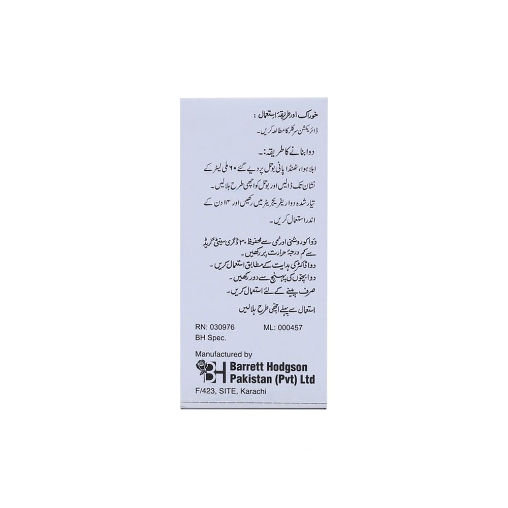 Cavalor 125mg/5ml Suspension 60 ml is available on prescription, in the form of oral suspension. Dosage of Cavalor 125mg/5ml Suspension 60 ml depends on age, weight, patient’s response to the medicine, and their comorbidities. Cavalor 125mg/5ml Suspension 60 ml is taken orally with or without food in prescribed dosage (usually 8-12 hourly) depending upon the severity of infection and kidney function. Drug dose regimen must be strictly followed without skipping to avoid bacterial resistance. Common side effects of this medication are nausea, diarrhea, and indigestion (stomach ache).
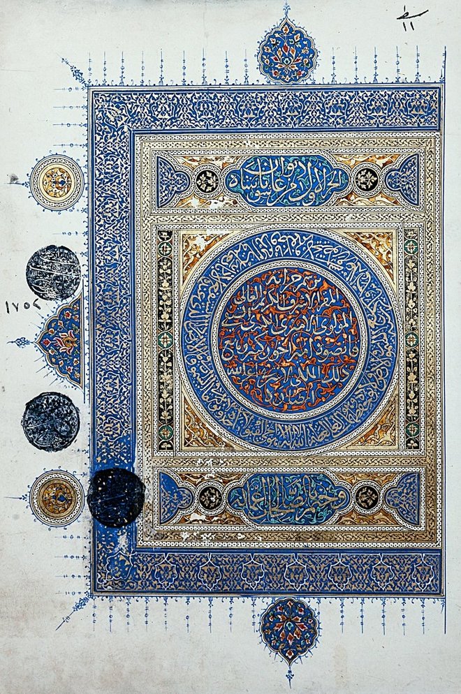 (x) Zahriyye: Yazma kitaplarda genellikle temellük kaydının tezhipli olarak yer aldığı, esas metnin başladığı yaprağın arka yüzü.
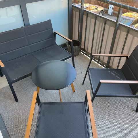 Runt trädgårdsbord och 3 stolar. Bordets diameter är cirka 60 cm. Passar för utomhusbruk och mindre utrymmen.
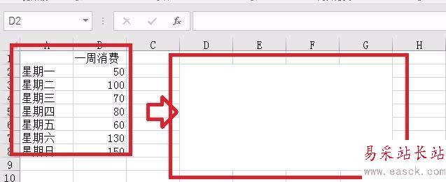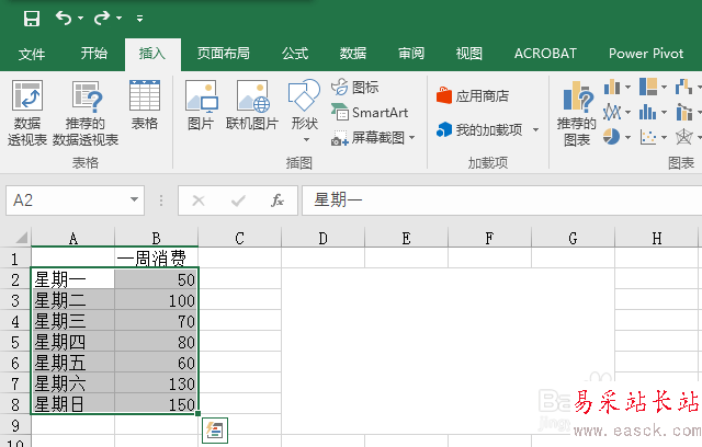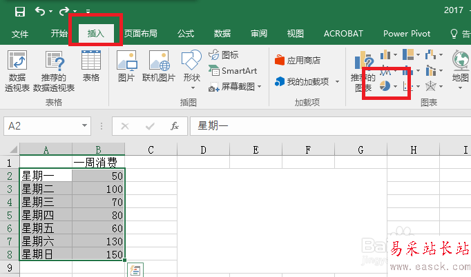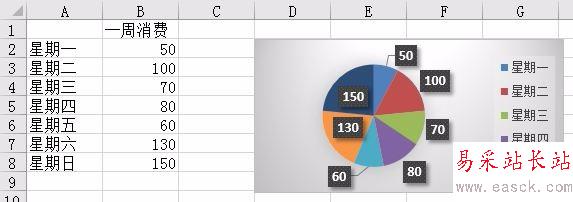 1、首先打開文檔,以一周的消費為例,在空白處插入相關的二維餅狀圖。
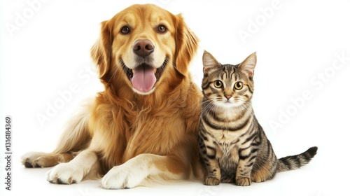 Golden dog and striped cat, both sitting, white background emphasizes their features
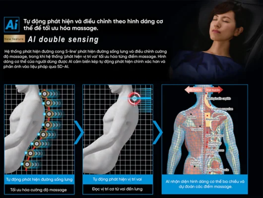 • Công nghệ AI Double Sensing dò tìm huyệt đạo và nhóm cơ với độ chính xác rất cao

+ + + +

Problem:
Word-for-word restatement: every line from the one with "1、首先打開文檔,以一周的消費為例,在空白處插入相關的二維餅狀圖。" through the final line of the data, both ends included, pictures excluded.

Response for this exercise:
 1、首先打開文檔,以一周的消費為例,在空白處插入相關的二維餅狀圖。
 Golden dog and striped cat, both sitting, white background emphasizes their features
 • Công nghệ AI Double Sensing dò tìm huyệt đạo và nhóm cơ với độ chính xác rất cao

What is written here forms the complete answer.